Gopolang Moloko
3 minute read
23 Jul 2020
12:16 pm

How the age-old cigarette smuggling industry works

Gopolang Moloko

There need to be policy measures, minimum pricing measures as well as traits that identify whether tax has been paid on a particular box of cigarettes.

Picture: iStock

Telita Snyckers, former SA Revenue Service lawyer and author to a gripping exposé uncovering the dark underbelly of the tobacco industry, says the story of illicit cigarettes long precedes lockdown.

Smokers have been left fuming since the country went into lockdown after President Cyril Ramaphosa announced a national state of disaster.

Certain products were deemed non-essential items and both alcohol and cigarettes were snubbed off the retail lists of items for purchase as a measure to reduce and manage the impact on the buckling health sector.

During an address in May, Ramaphosa reiterated that the ban on tobacco products would remain in place under Level 3 and that the sale of alcohol would be restricted to home consumption.

In July, Ramaphosa sent consumers into a tailspin after reinstating the order to ban the sale of alcohol, this time with immediate effect, as there were identified links of the pressure added to the health sector, which already was under severe pressure.

Studies by the University of Cape Town showed that most smokers were able to buy cigarettes during the lockdown, despite the ban.

This indicated the ban was backfiring, as smokers now paid a substantially higher price for different brand cigarettes, signalling an underbelly of a black market for tobacco products.

Public figures such as Tax Justice South Africa founder Yusuf Abramjee have highlighted the backfiring effects to the ban on cigarettes.

Snyckers, author of Dirty Tobacco: Spies, Lies and Mega-Profits, said in a podcast that the profit margin on products was known to be huge, and “because the profit margins are so huge, it’s dead easy to get your cigarettes on the illicit market on one of two ways”.

“Either you [manufacture] certain volumes that you don’t declare to Sars, as Sars can only tax what it sees.
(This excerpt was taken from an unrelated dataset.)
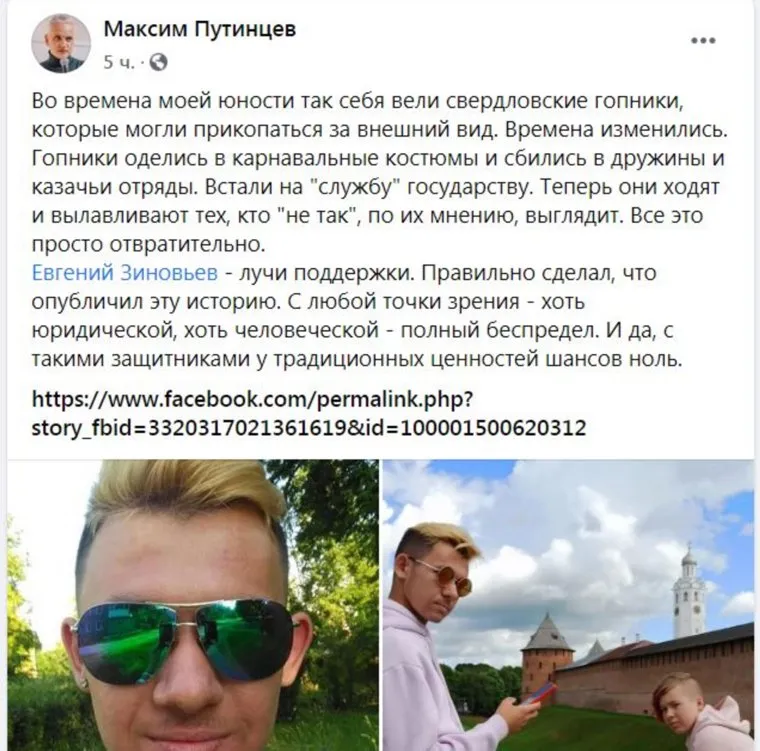 Накануне Евгений Зиновьев рассказал на своей странице в соцсетях о том, что его сына Александра в центре Екатеринбурга остановили два казака, интересовавшиеся, не относится ли он «к этим?» Служивых привлек внешний вид юноши: блестящие очки с оранжевыми линзами, крашеные волосы, серьга в ухе с бриллиантом. По словам самого парня, так он «самовыражается через внешний вид». Но все это не понравилось казакам: один из которых предложил «вязать его». Пост Зиновьева собрал сотни просмотров и десятки комментариев в духе «в 90-е так вели себя гопники».

You take a volume produced and sell them to the market untaxed, or you pretend that you export the cigarette and actually sell them tax-free on the [black] market.”

She said most companies doing this are not illegal. They do pay taxes.

“Part of the challenge is that when you find packs on the local market from a supermarket or boot of a car its impossible to determine if tax has been paid on a particular pack or not.”

This was an issue to be looked into, as it left a grey area.

Truck drivers and reported smugglers arrested for contraband in their vehicles were a small part of the issue, as real action would be to target the guys manufacturing the products, “to shut down the source”.

“The focus must be on the money trail,” and this needed better analytics capacity, she stressed.

She also seconded a University of Cape Town study which suspected a possible price war in the midst after the lockdown, when cigarettes made a comeback.

When tobacco products make their way back into the market after the lockdown, it’s likely that the big companies could play dirty tactics in an effort to reclaim their share of the market.

There need to be policy measures, minimum pricing measures as well as traits that identify whether tax has been paid on a particular box of cigarettes.